К чему такие строгости? Прежде всего для пользы самих рабочих — у каждого из них появляется возможность сделать себе прибавку к жалованью (при этом никто другой о прибавке и не узнает, разумеется):
«Означенные меры надзора дополняются окончательно безусловным убеждением каждого рабочего: 1) что за сокрытие в товариществе буйства, непотребства и похищения, сокрыватель непременно увольняется вместе с сокрываемым и что 2) открытие одного из подобных поступков непременно вознаграждается или единовременною выдачею суммы, соразмерной важности открытия…

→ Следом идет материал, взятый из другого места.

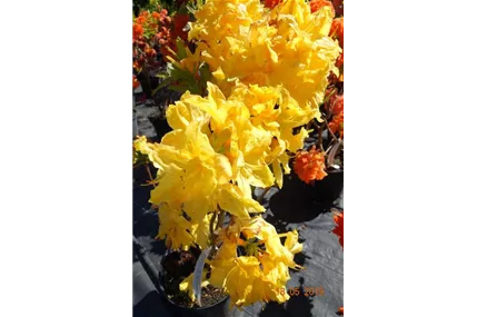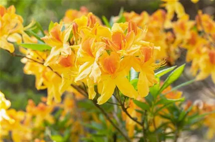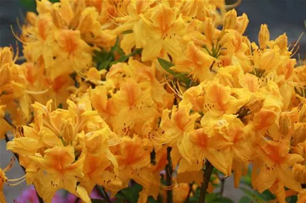 Die Sommergrüne Azalee 'Gibraltar' (Rhododendron luteum) bringt von Ende Mai bis Mitte Juni ein wahres Meer aus kupferorangen Blüten hervor. Dieses kompakt wachsende Gehölz erreicht gewöhnlich eine Höhe von 1 - 1,5 m und eine Breite von 1,5 bis 2 m. Ein halbschattiger (bis schattiger) Standort und ein humoser, kalkfreier Boden schaffen optimale Bedingungen für ein gesundes Wachstum. Die Sommergrüne Azalee 'Gibraltar' ist gut frostverträglich.

О сказанных преступлениях как старший, так часовые и всякий рабочий имеют обязанность доносить мне немедленно, о прочих же менее важных проступках старший и часовой представляют мне письменные замечания свои в присутствии провинившихся ежемесячно при выдаче жалованья. При сем нужным считаю дополнить, что для поддержания взаимного согласия между рабочими доносители, кроме старшего, и часового, и дневальных, остаются неизвестными».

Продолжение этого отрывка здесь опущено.